RECORD EXCERPTS: Begin

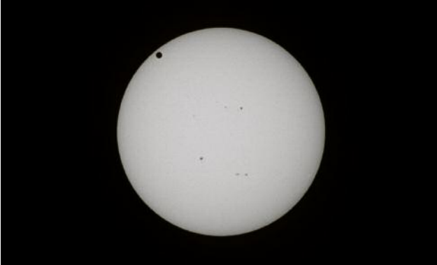
07/2 Aus der Ausstellung Fotografie & Wissenschaft Simon Starling, Black Drop , 2012, film still, 35 mm, in HD übertragener Schwarz-Weiß-Film mit Ton, 27' 42".
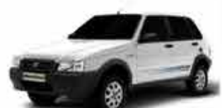
Uno Mille Fire 4P 1.0 - 12/13 - Branco R$ 23.950,00
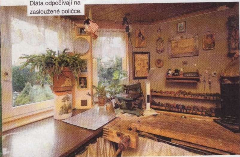
Dláta odpočívají na zasloužené policiče.
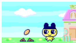
庭に種を植えるとアイテムが実る！

携帯電話からのダウンロードやゲーム内の「たまデパ」で購入した種を庭に植えるとアイテムが実り、家庭菜園気分を味わえます。実ったアイテムは食事として食べさせたり、通信で友だちにプレゼントすることもできます。
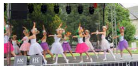
Az Ilcsi Dance – gyermekebalett előadásában látványos koreográfiákat láthatott a közönség
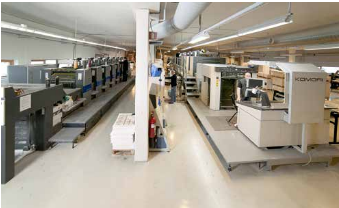
Glimt fra tykkeriet

Når dette arbeidet er unnagjort, er det stort sett Bodoni som står for resten av produksjonen av det endelige heftet. Dette innebærer å legge det ut på nettet, noe som vanligvis skjer flere uker før det fysiske heftet er blitt trykket og utsendt pr. post. Da hele produksjonsprosessen av et Utv-hefte vanligvis tar ca. 8 uker fra oppstartsdato til endelig postutsendelse, bør den som søker etter en relativt fersk domsavgjørelse først prøve et søk i nett-utgaven av Utv.
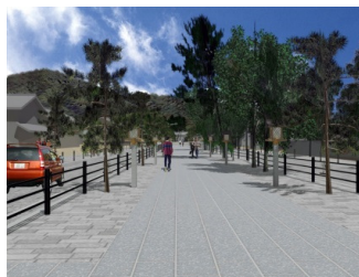
市町村連携によるまちづくり(三輪地区) の完成イメージの一部(桜井市)
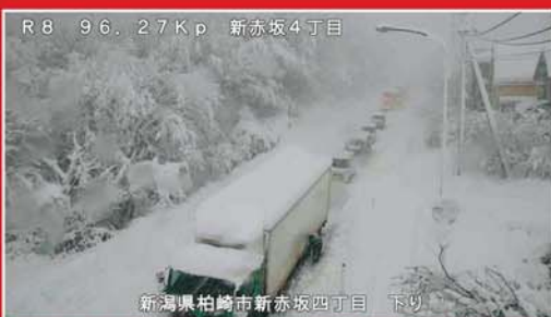
令和4年12月19日 国道8号(登坂不能車による交通障害の発生状況)
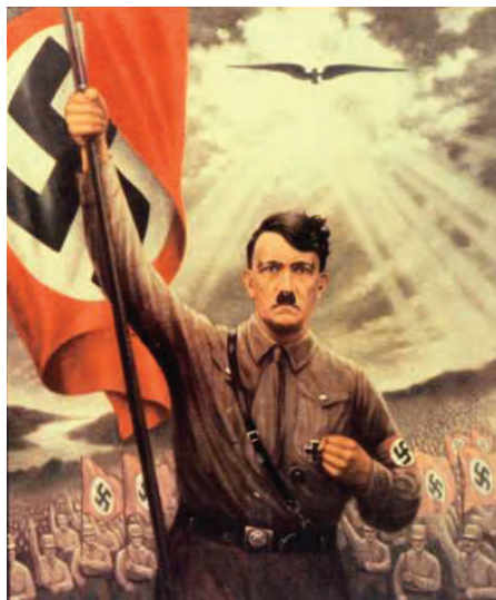
Adolf Hitler som «Messias»: propagandaplakat fra 1930-tallet

rundt Kristus-erfaringer i det 20. århundre. Steiner understreker her at det vil arbeide seg frem nye evner i menneskeheten som gjør det overflødig å følge dogmer, trossetninger og ytre dokumenter i forhold til Kristus. Mennesker – først noen få, deretter stadig flere – vil kunne ha en umiddelbar opplevelse av Kristus i det eteriske, som kan sammenlignes med Paulus' Damaskus-opplevelse. Han sier: «Idet
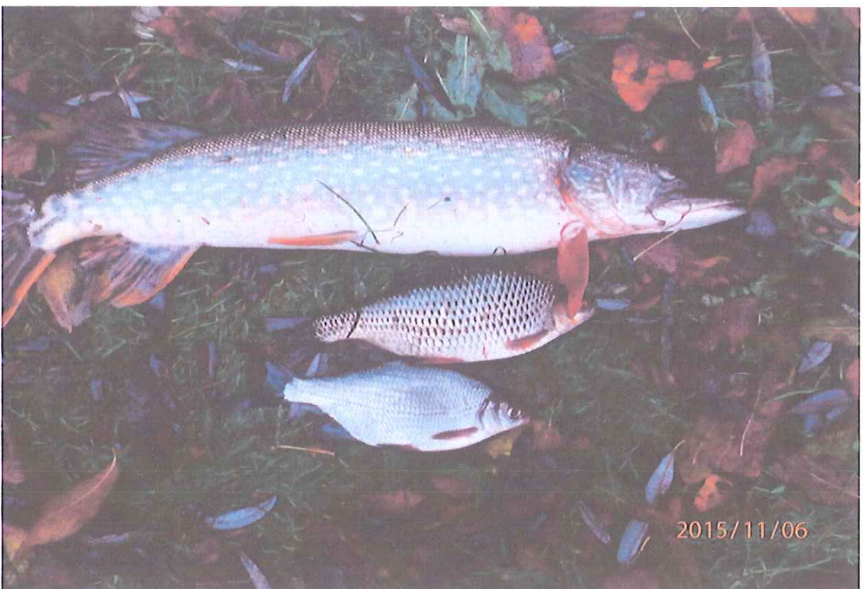
Vegyes horgászszákmány a Sebes-Körösből.
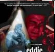
Эдди Прэсли ( Eddie Presley )
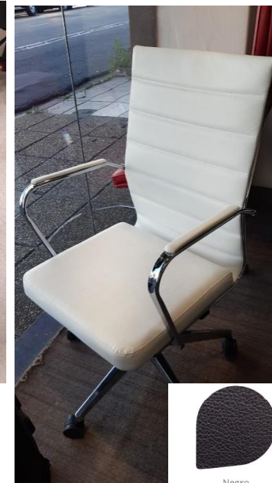
Silla gerencial mediana tipo Tango 900. Tapizado color negro simil cuero
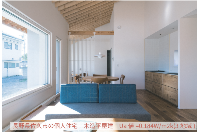
長野県佐久市の個人住宅 木造平屋建 Ua 値 =0.184W/m2k(3 地域)

また、設計事務所としての経験を活かし、そのプロジェクトの設計者に寄り添い、デザイン性の高い納まりや、工法をご提案できるのも特徴です。
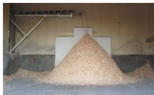
製材端材を利用した製紙用チップ
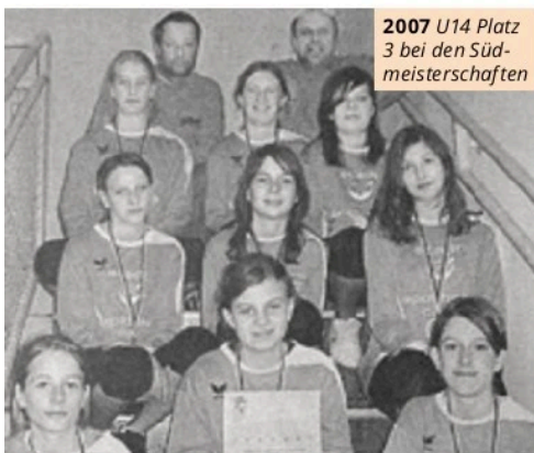
2007 U14 Platz 3 bei den Süddeutschen Meisterschaften
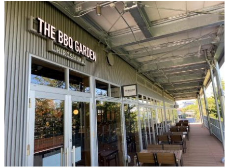
2階店内受付画像 / 2階 店内画像/ 2階 店頭画像

3つ目はBBQエリアの上階にあるテラスエリア(屋外) テーブル&イスのカジュアルスタイル で電気グリルをご用意。屋外の開放感と 設備が整った快適さを同時に体験できる エリアとなっています。
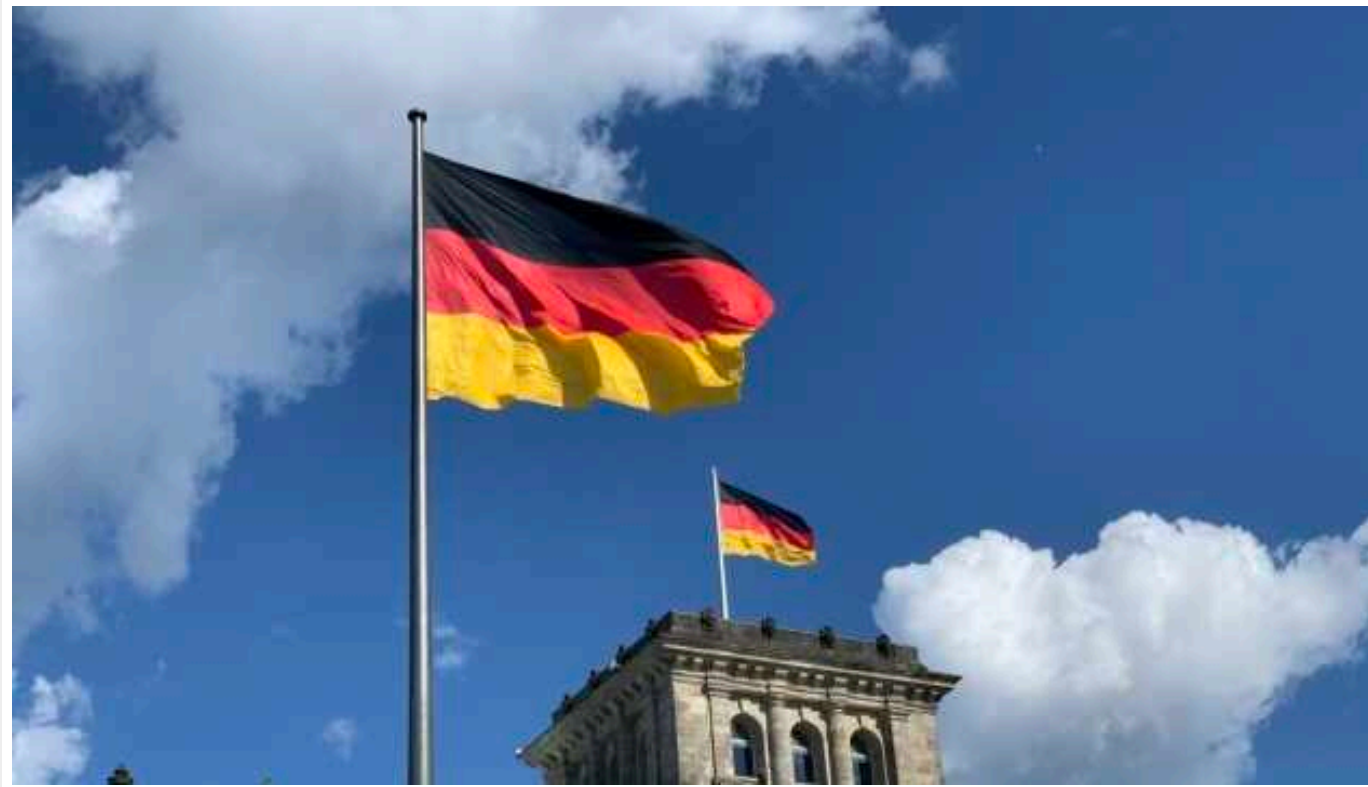
Німецький Бундестаг затвердив держбюджет на 2024 рік з допомогою для України

Депутати німецького Бундестагу 2 лютого ухвалили державний бюджет ФРН на 2024 рік.
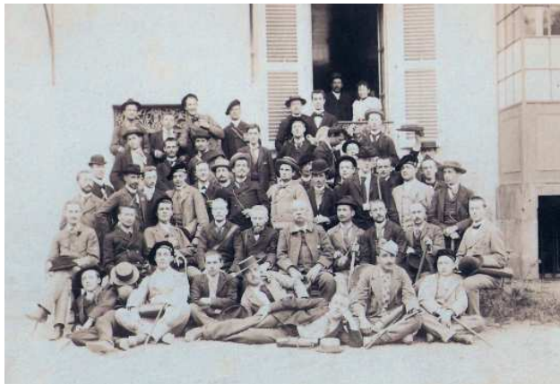
Excursion à Celles sur plaine du 25 mai 1894
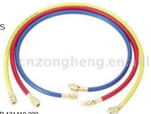
DS-60800 MANGUERAS DE CARGA X JUEGO DE 3 UNIDADES 400 PSIG 150 CMS R-410A
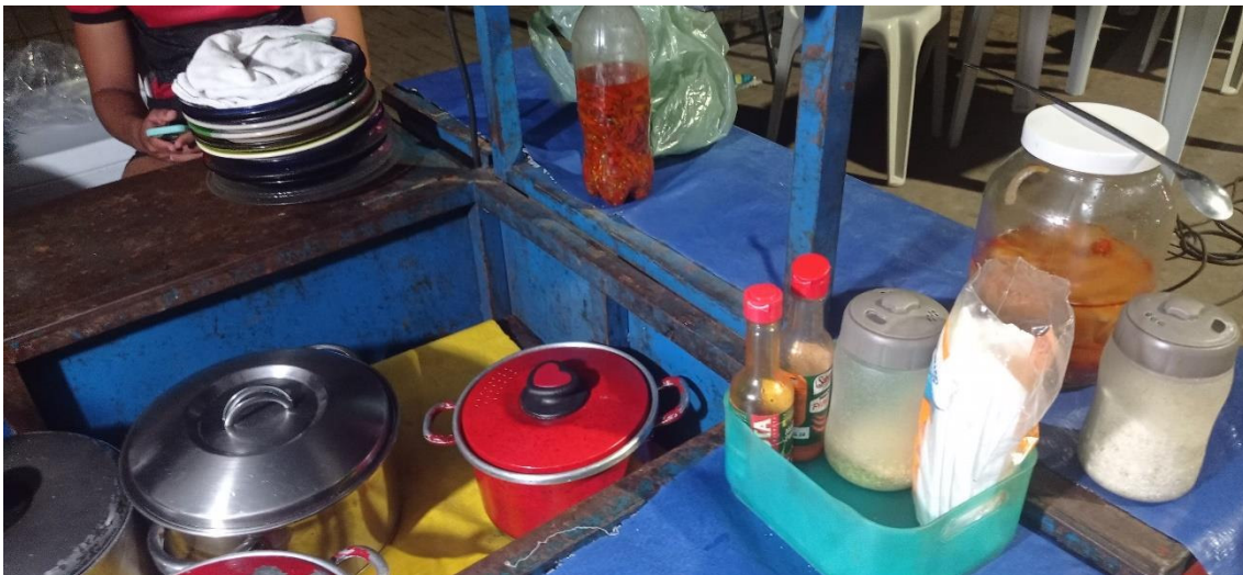
Fig. 11: Detalhe do carrinho de panelada utilizado nas quatro bocas
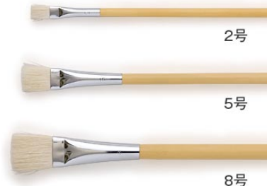
9. 平筆 (日本画用)
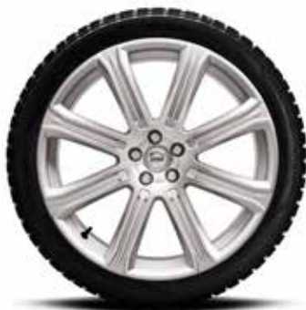
ZIEMAS RITEŅU KOMPLEKTS, 8 SPIEKI SUDRABA KRĀSĀ 21" 4313 € PILNĪBĀ JAUNAIS VOLVO XC90 T8, PILNĪBĀ JAUNAIS XC90 TWIN ENGINE T8.

Vairāk informācijas volvocars.musamotors.lv
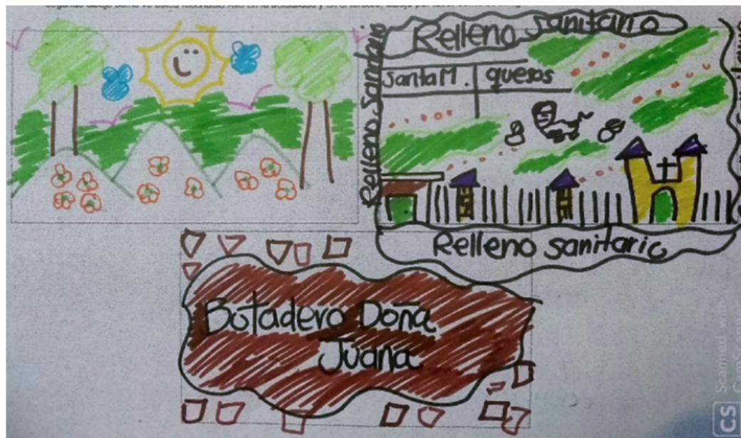
Figura 5. Muestra ejercicio de representación

Nota: taller con maestras y maestros del Colegio Rural Mochuelo Alto, sobre representaciones de la escuela como territorio desde lo subjetivo y lo colectivo (2019). Fuente: elaboración propia.
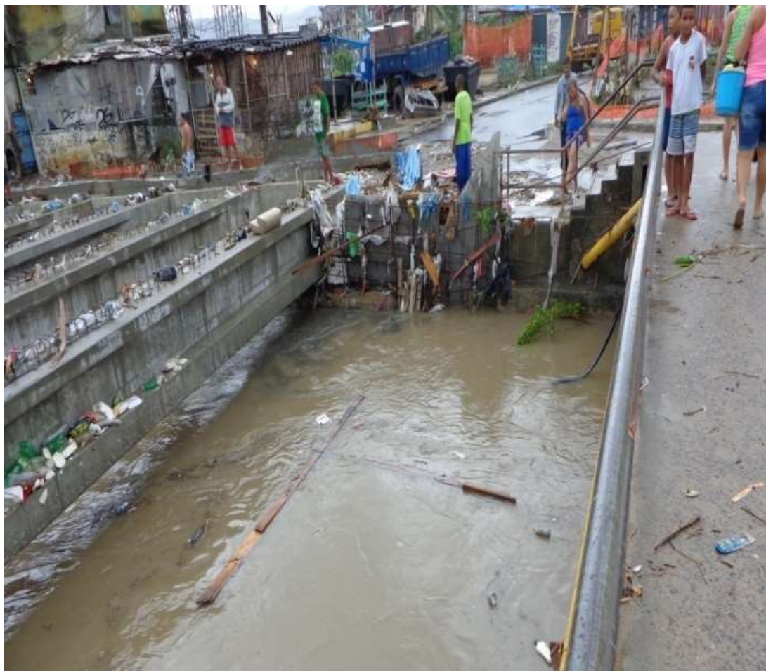
Figura I.3.3 - Pontilhão sobre o Rio Faria Timbó reconstruído pelo PAC em 2010. Enchente de Dezembro 2013.

A denúncia dos moradores acerca de ser a ponte sobre o rio Faria Timbó uma das causas da piora das enchentes foi corroborada pela Prefeitura, no documento da Rio Águas anexado ao relatório do CREA em resposta à demanda do Ministério Público do Estado do Rio 9 , a partir da demanda dos moradores de Manguinhos. Escreve a Rio Águas, em 21/01/2014, na solicitação que faz à empresa que o pontilhão: “...Apresentar projeto aprovado da ponte executada sobre o Rio Faria-Timbó para análise na Fundação Rio-Águas. Esta medida se faz necessária, pois a referida ponte está dificultando a passagem das águas do curso d’água...”.
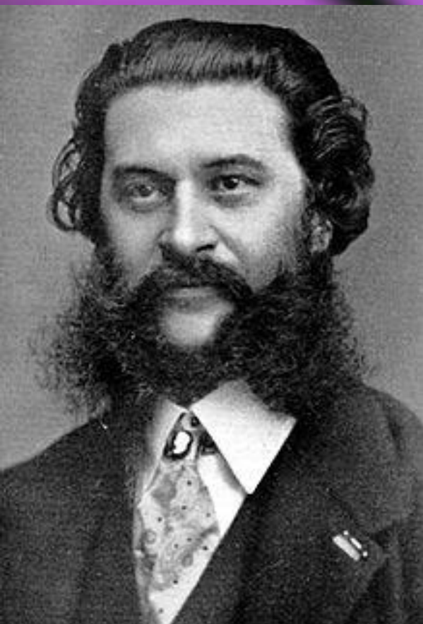
Иоганн Штраус (1825—1899 г.г.)
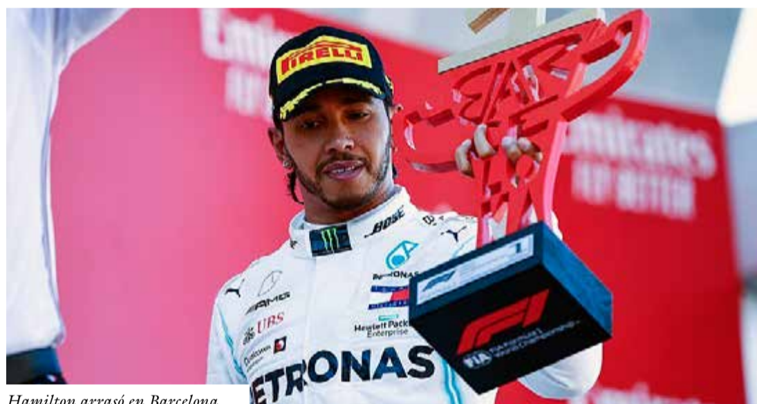
Hamilton arrasó en Barcelona.

En total, quedan con vida cuatro clubes de Argentina, seis de Brasil, uno de Uruguay, dos de Ecuador y tres de Paraguay.
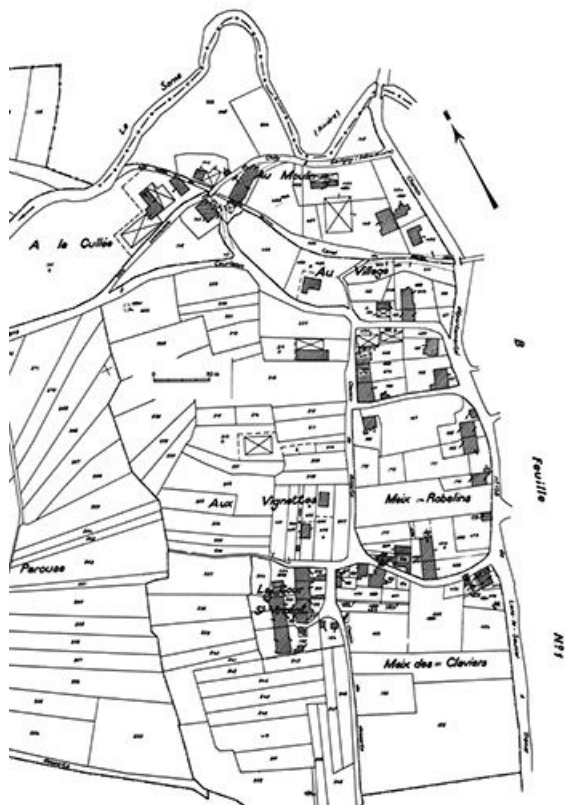
Cadastre : 1980 A (2e feuille).
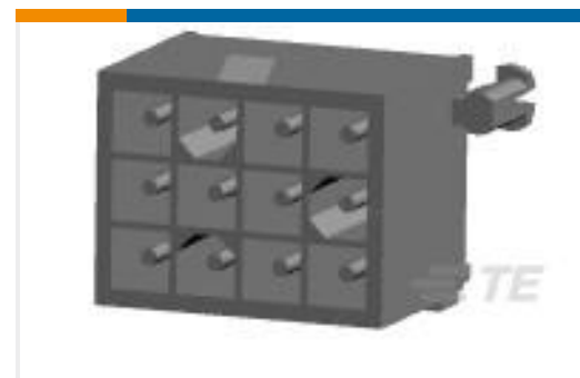
TE 产品编号1-770186-0 12P MINI-UMNL ASSY V0 SNNI*

RECORD EXCERPTS: End

### PROBLEM
In your copy, every entry above must match word for word, and no picture may appear.

### FINISHED EXERCISE
07/2 Aus der Ausstellung Fotografie & Wissenschaft Simon Starling, Black Drop , 2012, film still, 35 mm, in HD übertragener Schwarz-Weiß-Film mit Ton, 27' 42".
Uno Mille Fire 4P 1.0 - 12/13 - Branco R$ 23.950,00
Dláta odpočívají na zasloužené policiče.
庭に種を植えるとアイテムが実る！

携帯電話からのダウンロードやゲーム内の「たまデパ」で購入した種を庭に植えるとアイテムが実り、家庭菜園気分を味わえます。実ったアイテムは食事として食べさせたり、通信で友だちにプレゼントすることもできます。
Az Ilcsi Dance – gyermekebalett előadásában látványos koreográfiákat láthatott a közönség
Glimt fra tykkeriet

Når dette arbeidet er unnagjort, er det stort sett Bodoni som står for resten av produksjonen av det endelige heftet. Dette innebærer å legge det ut på nettet, noe som vanligvis skjer flere uker før det fysiske heftet er blitt trykket og utsendt pr. post. Da hele produksjonsprosessen av et Utv-hefte vanligvis tar ca. 8 uker fra oppstartsdato til endelig postutsendelse, bør den som søker etter en relativt fersk domsavgjørelse først prøve et søk i nett-utgaven av Utv.
市町村連携によるまちづくり(三輪地区) の完成イメージの一部(桜井市)
令和4年12月19日 国道8号(登坂不能車による交通障害の発生状況)
Adolf Hitler som «Messias»: propagandaplakat fra 1930-tallet

rundt Kristus-erfaringer i det 20. århundre. Steiner understreker her at det vil arbeide seg frem nye evner i menneskeheten som gjør det overflødig å følge dogmer, trossetninger og ytre dokumenter i forhold til Kristus. Mennesker – først noen få, deretter stadig flere – vil kunne ha en umiddelbar opplevelse av Kristus i det eteriske, som kan sammenlignes med Paulus' Damaskus-opplevelse. Han sier: «Idet
Vegyes horgászszákmány a Sebes-Körösből.
Эдди Прэсли ( Eddie Presley )
Silla gerencial mediana tipo Tango 900. Tapizado color negro simil cuero
長野県佐久市の個人住宅 木造平屋建 Ua 値 =0.184W/m2k(3 地域)

また、設計事務所としての経験を活かし、そのプロジェクトの設計者に寄り添い、デザイン性の高い納まりや、工法をご提案できるのも特徴です。
製材端材を利用した製紙用チップ
2007 U14 Platz 3 bei den Süddeutschen Meisterschaften
2階店内受付画像 / 2階 店内画像/ 2階 店頭画像

3つ目はBBQエリアの上階にあるテラスエリア(屋外) テーブル&イスのカジュアルスタイル で電気グリルをご用意。屋外の開放感と 設備が整った快適さを同時に体験できる エリアとなっています。
Німецький Бундестаг затвердив держбюджет на 2024 рік з допомогою для України

Депутати німецького Бундестагу 2 лютого ухвалили державний бюджет ФРН на 2024 рік.
Excursion à Celles sur plaine du 25 mai 1894
DS-60800 MANGUERAS DE CARGA X JUEGO DE 3 UNIDADES 400 PSIG 150 CMS R-410A
Fig. 11: Detalhe do carrinho de panelada utilizado nas quatro bocas
9. 平筆 (日本画用)
ZIEMAS RITEŅU KOMPLEKTS, 8 SPIEKI SUDRABA KRĀSĀ 21" 4313 € PILNĪBĀ JAUNAIS VOLVO XC90 T8, PILNĪBĀ JAUNAIS XC90 TWIN ENGINE T8.

Vairāk informācijas volvocars.musamotors.lv
Figura 5. Muestra ejercicio de representación

Nota: taller con maestras y maestros del Colegio Rural Mochuelo Alto, sobre representaciones de la escuela como territorio desde lo subjetivo y lo colectivo (2019). Fuente: elaboración propia.
Figura I.3.3 - Pontilhão sobre o Rio Faria Timbó reconstruído pelo PAC em 2010. Enchente de Dezembro 2013.

A denúncia dos moradores acerca de ser a ponte sobre o rio Faria Timbó uma das causas da piora das enchentes foi corroborada pela Prefeitura, no documento da Rio Águas anexado ao relatório do CREA em resposta à demanda do Ministério Público do Estado do Rio 9 , a partir da demanda dos moradores de Manguinhos. Escreve a Rio Águas, em 21/01/2014, na solicitação que faz à empresa que o pontilhão: “...Apresentar projeto aprovado da ponte executada sobre o Rio Faria-Timbó para análise na Fundação Rio-Águas. Esta medida se faz necessária, pois a referida ponte está dificultando a passagem das águas do curso d’água...”.
Иоганн Штраус (1825—1899 г.г.)
Hamilton arrasó en Barcelona.

En total, quedan con vida cuatro clubes de Argentina, seis de Brasil, uno de Uruguay, dos de Ecuador y tres de Paraguay.
Cadastre : 1980 A (2e feuille).
TE 产品编号1-770186-0 12P MINI-UMNL ASSY V0 SNNI*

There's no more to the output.